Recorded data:
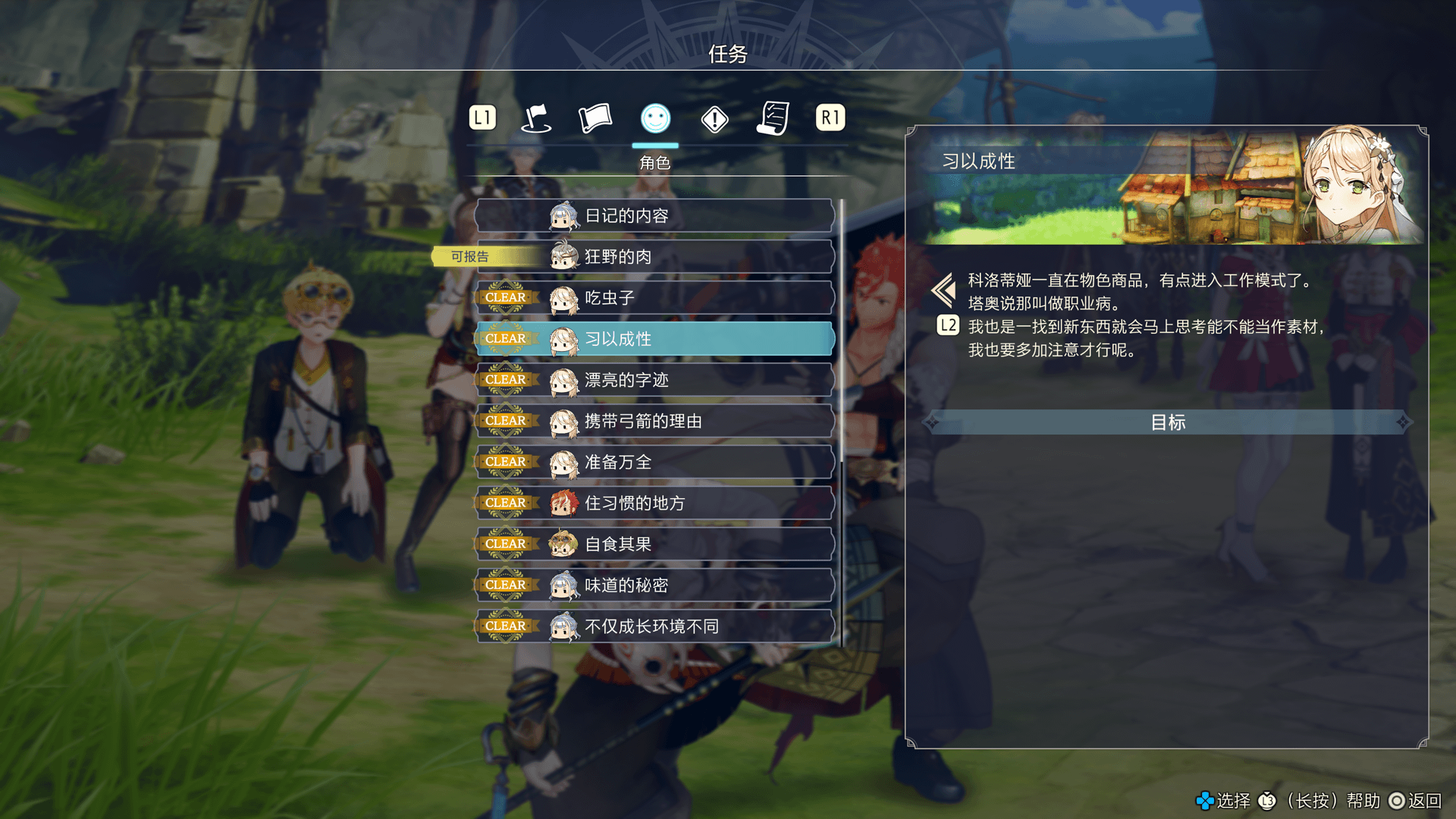 达成诸如调合或交付道具,或是讨伐魔物等任务目标时,即可推进游戏剧情或领取报酬。
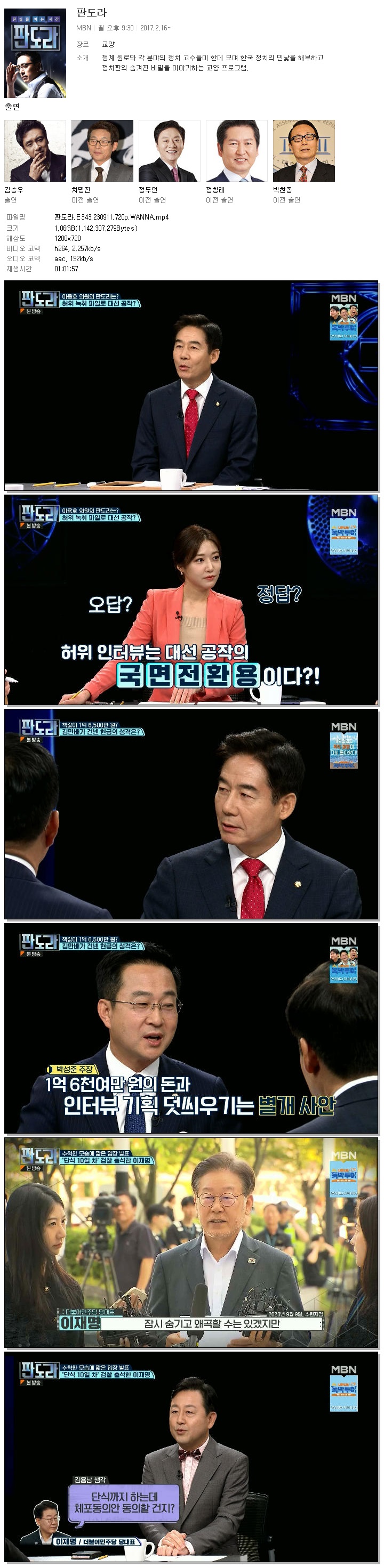 | 판도라.E343.230911.720p.WANNA.mp4 | 1.1 G | 01:01:57 | 1280x720 |
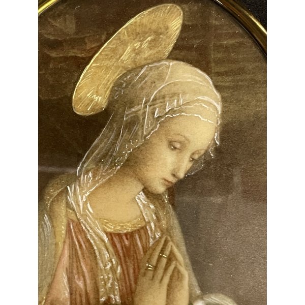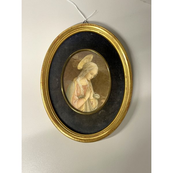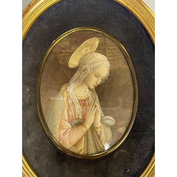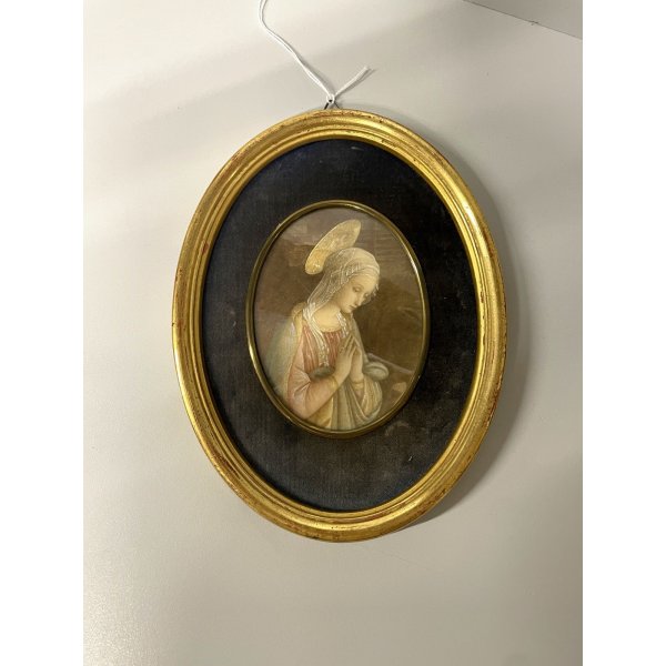 Stupenda miniatura stampata con ritocchi di luce a mano, rappresentante la Madonna in adorazione del bambino. Contenuta in una bellissima cornice ovale dorata in legno con passpartout in velluto color testa do moro.
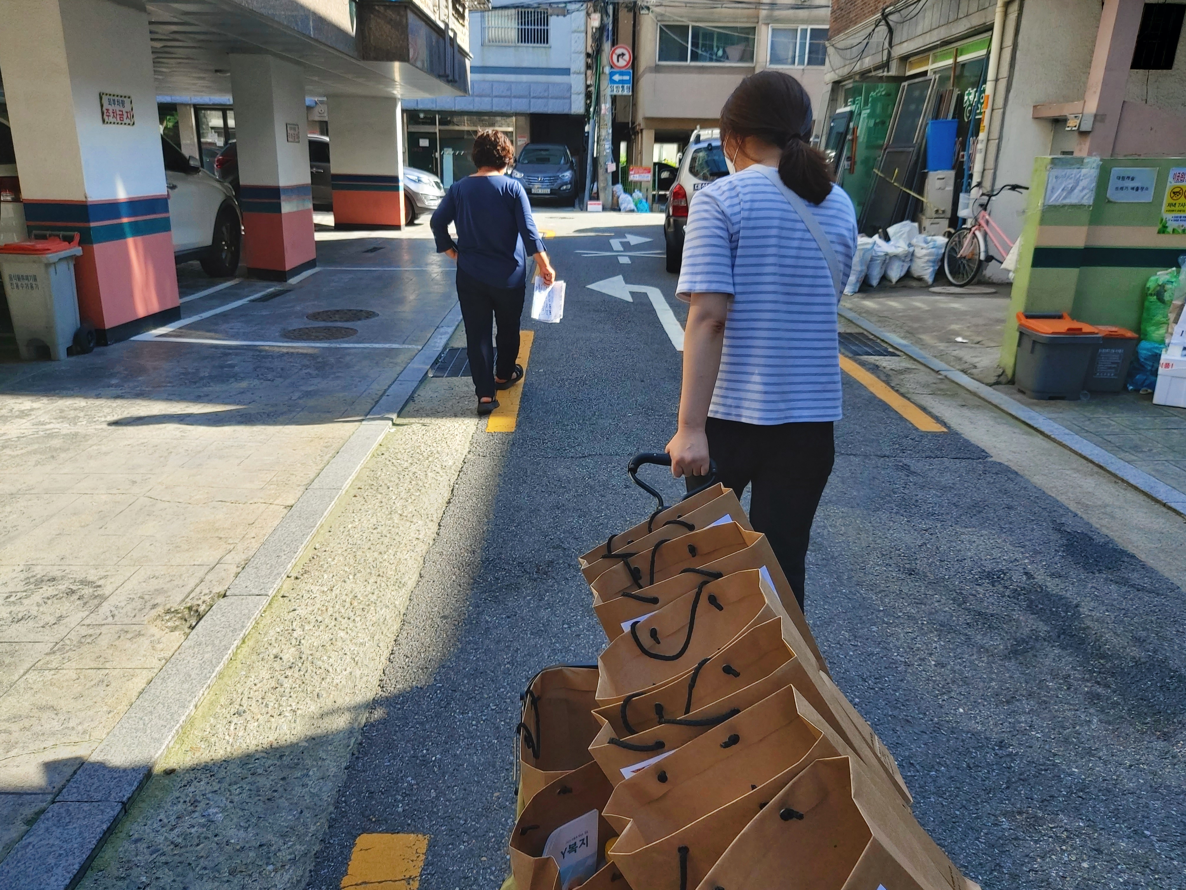 통장님들께서 꾸러미를 나눌 이웃들에게 연락하고 길을 앞장서주셨습니다.
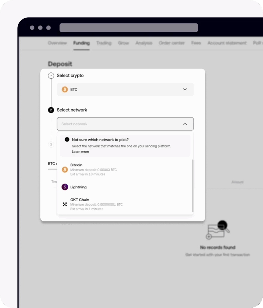 Pilih tujuan deposit kripto. Sumber: OKX
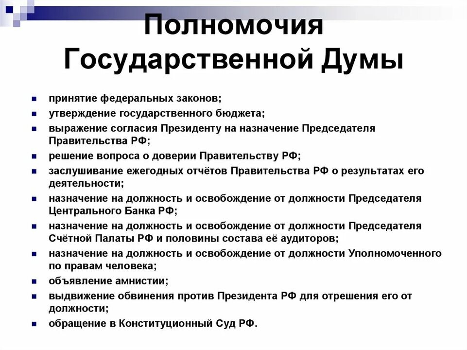 3. Председатель Правительства представляет Государственной Думе на утверждение кандидатуры вице-премьеров и министров (за исключением министров силового блока и МИД, назначаемых Президентом единолично). Государственная Дума рассматривает представленные кандидатуры и принимает решение об их утверждении.
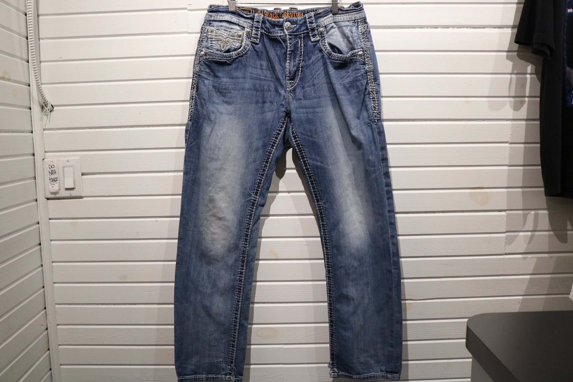 Rock-Revival embroidered straight-leg denim jeans featuring prominent back pocket stitching and signature metal hardware.
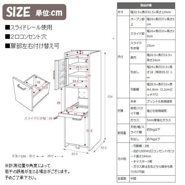(幅)32.5(奥行)42.5(高さ)124cm
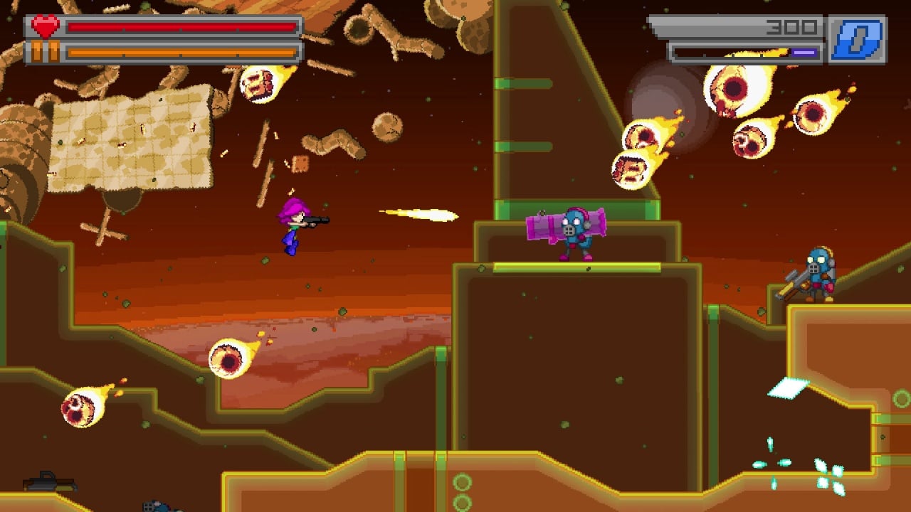 Bleed 2 – хардкорный приключенческий платформер, где главную роль занимает Рин. Эта девушка с фиолетовой причёской обладает удивительными боевыми навыками, которые помогут ей справиться с множеством врагов на пути к финальному противостоянию со злодеем. В рамках кампании, разделённой на 7 уровней, пользователю предстоит одолеть 25 уникальных боссов, каждый из которых отличается своими способностями и внешним видом.
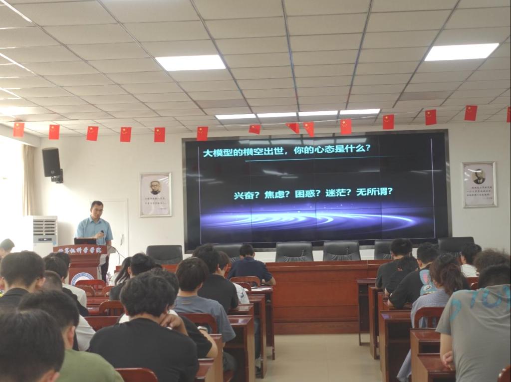 接著,職業發展專家王定濤老師圍繞《選擇改變未來》展開分享,從職業規劃角度為學子指點迷津。他結合當前AI技術浪潮對就業市場的沖擊,提出“選擇比努力更重要”的核心觀點,建議學生關注行業趨勢,培養創新思維,提升核心競爭力。針對就業環境,王定濤老師呼吁“弱者抱怨環境,強者改變自身”,鼓勵學生明確目標、勇于嘗試、堅持行動,他始終堅信“極致自律才有極致自由”,建議同學們“要用四年時間成就一件事”。在職業選擇上,他以“江水不爭先,爭滔滔不絕”寄語學生,并強調“機會稍縱即逝,寧可試錯也不錯過”,要在變革中主動適應、抓住機遇,以行動化解焦慮,以長期思維應對職業挑戰,避免陷入內耗與短期蠅頭小利。

» **About this exercise**
Starting at the first line of the records and stopping after the line with "Pilih tujuan deposit kripto. Sumber: OKX", copy each line exactly; pictures stay out.

» **Worked solution**
 达成诸如调合或交付道具,或是讨伐魔物等任务目标时,即可推进游戏剧情或领取报酬。
 | 판도라.E343.230911.720p.WANNA.mp4 | 1.1 G | 01:01:57 | 1280x720 |
 Stupenda miniatura stampata con ritocchi di luce a mano, rappresentante la Madonna in adorazione del bambino. Contenuta in una bellissima cornice ovale dorata in legno con passpartout in velluto color testa do moro.
 통장님들께서 꾸러미를 나눌 이웃들에게 연락하고 길을 앞장서주셨습니다.
 Pilih tujuan deposit kripto. Sumber: OKX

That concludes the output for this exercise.